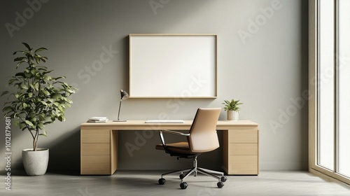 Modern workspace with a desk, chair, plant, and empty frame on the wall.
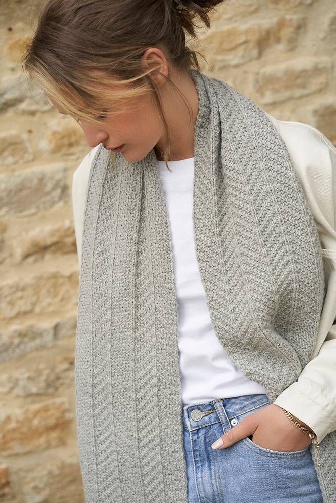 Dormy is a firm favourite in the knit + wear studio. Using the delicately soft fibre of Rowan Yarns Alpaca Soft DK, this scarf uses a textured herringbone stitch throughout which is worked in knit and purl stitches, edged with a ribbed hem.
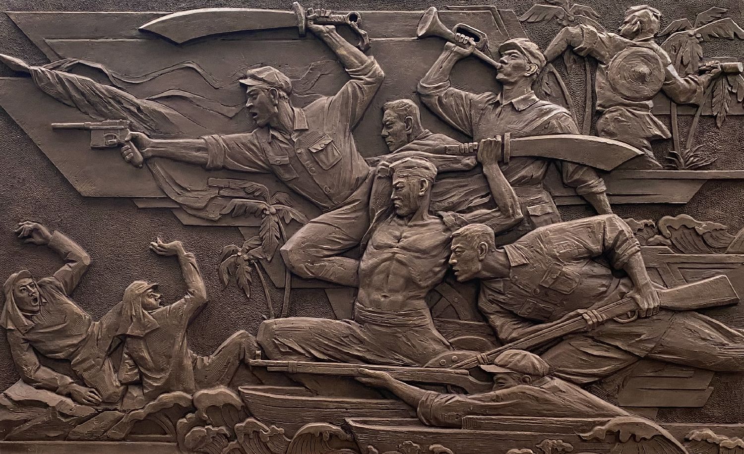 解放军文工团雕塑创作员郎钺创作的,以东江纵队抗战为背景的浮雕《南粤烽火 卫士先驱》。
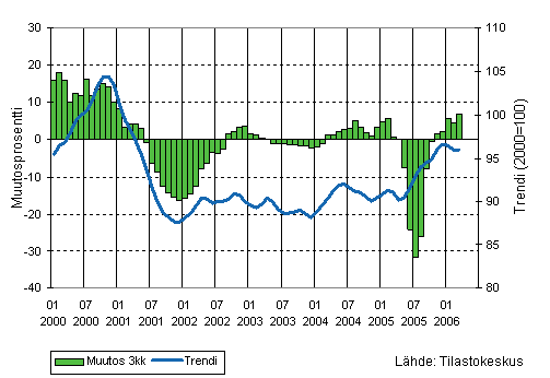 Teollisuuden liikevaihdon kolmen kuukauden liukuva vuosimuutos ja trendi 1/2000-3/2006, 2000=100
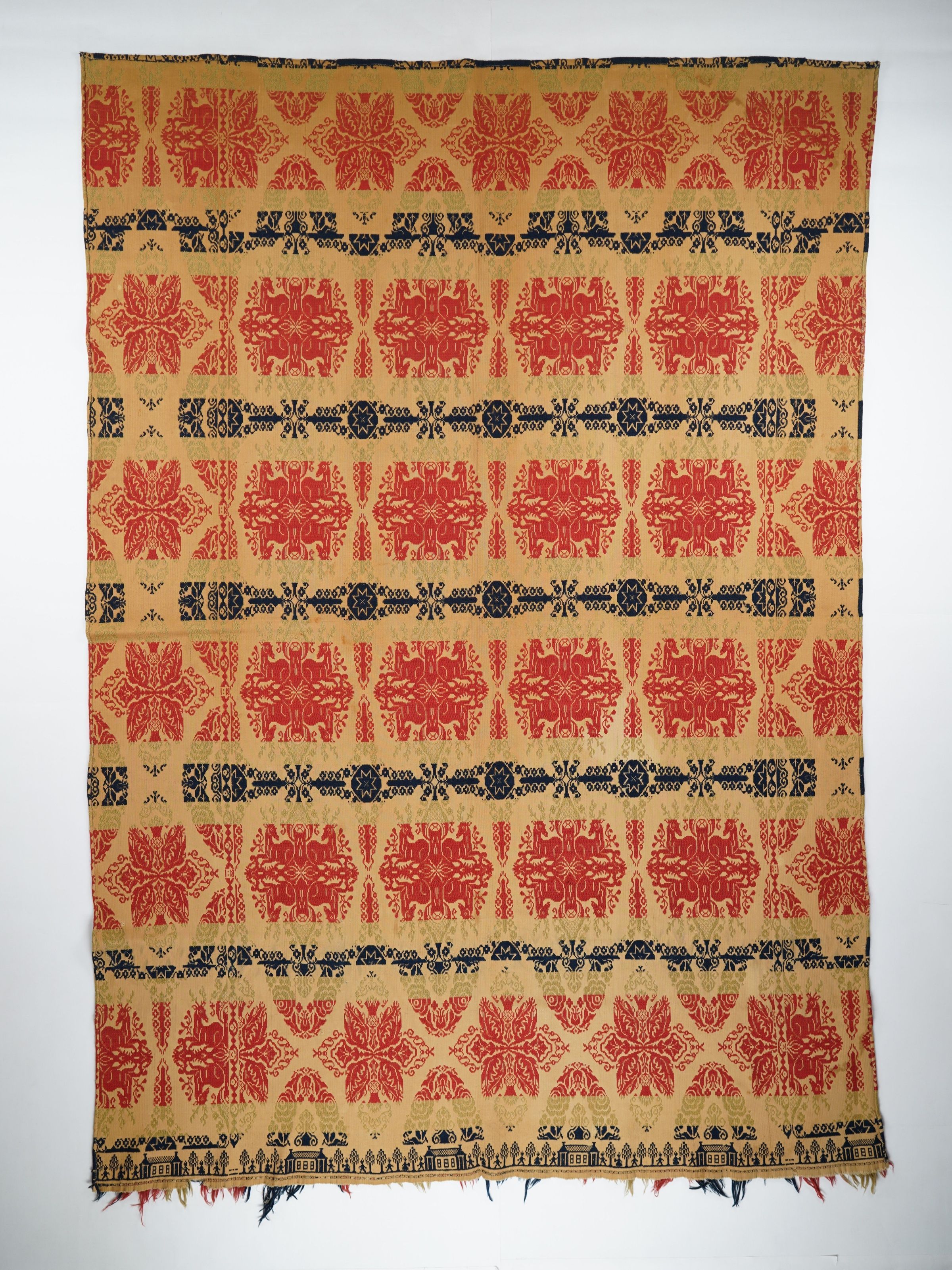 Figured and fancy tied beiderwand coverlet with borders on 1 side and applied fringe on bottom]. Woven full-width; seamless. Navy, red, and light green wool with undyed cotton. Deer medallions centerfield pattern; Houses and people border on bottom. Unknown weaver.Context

____________________

■ **TASK OBJECTIVE**:
Restate word for word every line from the one with "Dormy is a firm" up to and including the one with "Teollisuuden liikevaihdon kolmen" in the records above, minus the pictures.

■ **WRITTEN REPLY**:
 Dormy is a firm favourite in the knit + wear studio. Using the delicately soft fibre of Rowan Yarns Alpaca Soft DK, this scarf uses a textured herringbone stitch throughout which is worked in knit and purl stitches, edged with a ribbed hem.
 解放军文工团雕塑创作员郎钺创作的,以东江纵队抗战为背景的浮雕《南粤烽火 卫士先驱》。
 Teollisuuden liikevaihdon kolmen kuukauden liukuva vuosimuutos ja trendi 1/2000-3/2006, 2000=100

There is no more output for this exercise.